The original dataset contained about 183,412 observations across 16 variables. Most of the variables speak to details about the trip itself and a few such as age and gender describe the rider. In the course of the analysis, new features were derived from existing ones. Also, outliers from the trip duration were also dropped.
After carrying out univariate, bivariate and multivariate exploration of this data, the following was observed:
- A normal trip is about 0 to 1500 seconds long i.e. 0 - 25 minutes although most of them are about 8 minutes long.
- Riders cover up to 4 kilometers on these trips but most trips are between 1 to 2 kilometers long.
- Most riders prefer to ride in the evening compared to any other time of the day.
- Most of the riders are male and most of them are aged around 30 years old.

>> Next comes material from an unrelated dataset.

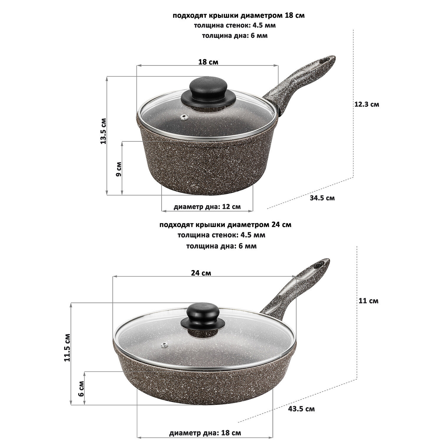 Набор 4 пр. Elan Gallery гармония вкуса Коричневый опал Кастрюля 3 л, ковш 1,5 л, сковорода 24 см, сковорода 20 см интересное:

- As expected, the distance covered correlates positively with trip duration. However, this is weaker than expected.
- The age and gender of the riders have little or no relationship with the trip duration.
- The time of day the trip starts significantly impacts the duration and distance covered during the trip.
In conclusion, the distance to be covered during the trip and time of the day the trip is to be taken significantly affects how long the trip will be.
For the explanatory exploration, I focus just on the influence of the time of day and distance covered on the trip duration. I start by exploring the distributions of these different variables. I then go ahead to show the relationship between trip duration and distance. Finally I show how the trip duration changes for the same distance depending on the time of the day the trip was taken.